Nearly 100 Palestinians were wounded in clashes with Israeli security forces during demonstrations in the West Bank on Friday to demand the release of hunger-striking prisoners, the Palestinian Red Crescent said.
An Israeli official said three hunger strikers -- Tareq Qaadan, Jafar Ezzedine and Ayman Sharawrna -- were admitted to hospitals for protective check-ups.
The Red Crescent's Mohammed Ayyad said that 94 Palestinians were wounded, two of them by live bullets, as police responded to stone-throwing demonstrators with tear gas, stun grenades and gunfire.
More than half of those hurt were outside the Ofer military prison near the West Bank city of Ramallah, where hundreds of Palestinians are being held, Ayyad said.
Thousands of Palestinians protested across the West Bank, including some 2,000 in northern city of Nablus, where clashes erupted between dozens of youths and Israeli soldiers, close to the Huwara checkpoint, according to witnesses and Agence France Presse journalists.
Another 2,000 protesters, some waving Palestinian flags, demonstrated at the Jalameh military checkpoint, outside the northern West Bank city of Jenin, where they clashed with Israeli soldiers, who fired tear gas and arrested 17 of them.
Protesting worshipers at the al-Aqsa mosque compound in Israeli-annexed east Jerusalem threw stones at police, who responded by firing stun grenades, police spokesman Micky Rosenfeld told AFP.
He said five Palestinians were arrested in the Issawiyeh district of the city, including four minors.
At a demonstration of solidarity with hunger-striking prisoners outside the Ofer prison, hundreds of Palestinian youths clashed with Israeli soldiers, an AFP photographer reported.
In Hebron to the south, nearly 400 people marched in support of the prisoners and to demand the reopening of a road closed to Palestinians since the 1994 massacre of 29 Palestinians by a Jewish settler.
Israeli soldiers used stun grenades and tear gas to disperse them, and detained a photographer from the official Palestinian news agency Wafa, with four people wounded by live bullets, according to Palestinian security sources.
The fate of Palestinian prisoners, and in particular four who have been fasting on and off for months to demand their freedoms, has sparked protests across the Palestinian territories since the start of February and raised international concern.

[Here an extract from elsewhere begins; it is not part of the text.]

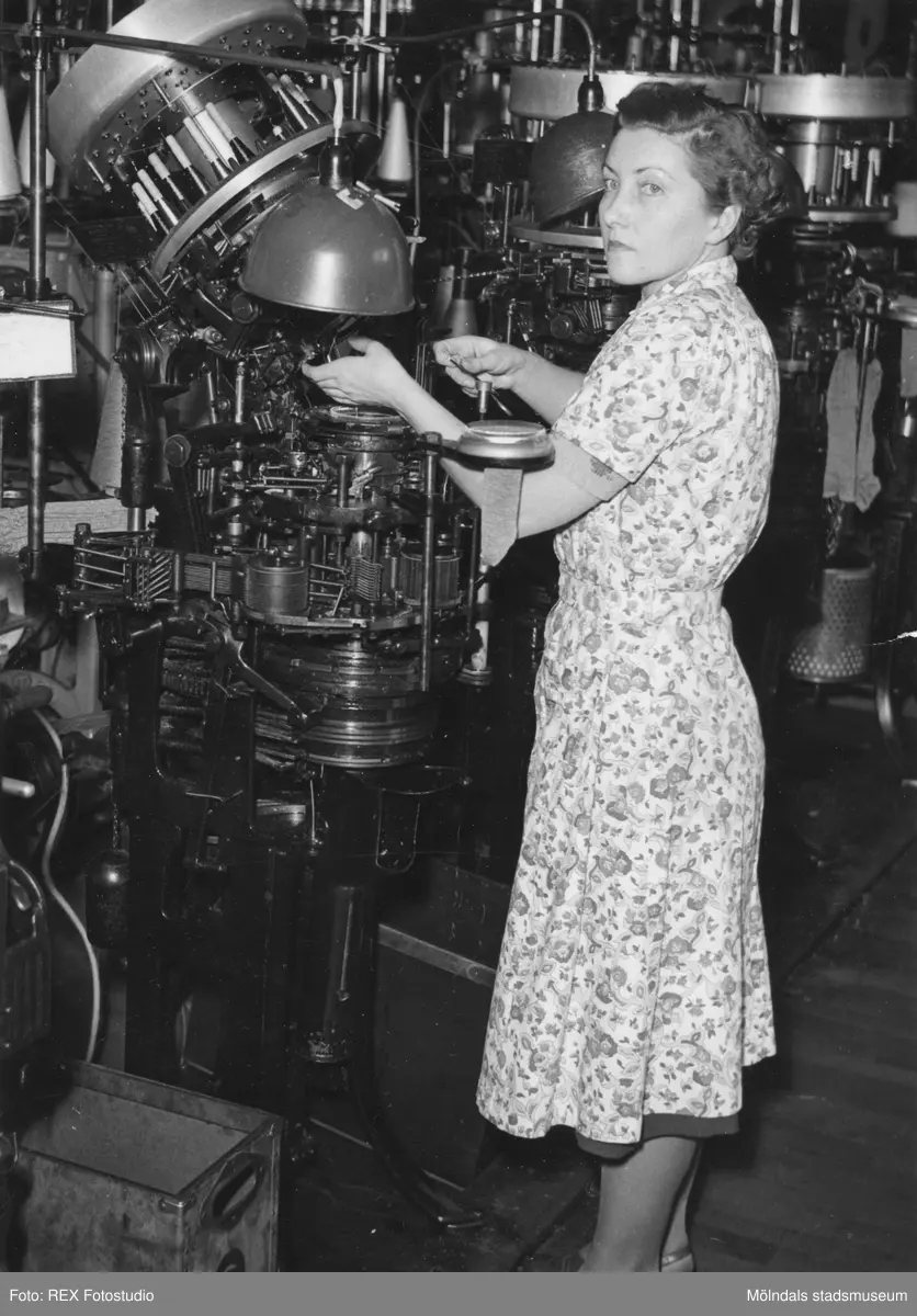 Magit Andersson vid stickmaskinen i "Strumpan" (AB Victor Samuelsons Strumpfabrik), cirka 1950.

Qaadan and Ezzedine, accused of participating in activities of the Islamic Jihad militant group, have been imprisoned without trial since November.
Sharawrna, an alleged Hamas activist involved in attacks on Israelis was, like the fourth hunger striker Samer Issawi, freed in the 2011 swap for Israeli soldier Gilad Shalit and later rearrested.
"We moved them (to hospitals) because we want them examined to see if they are really alright," said Israel Prisons Service spokeswoman Sivan Weizman, adding that she expected them to stay in hospitals until Saturday.
On Tuesday, United Nations chief Ban Ki-moon said he was "deeply concerned" about the hunger strikers, singling out the case of Issawi, who was handed an eight-month jail term Thursday for violating the terms of his release from a previous sentence.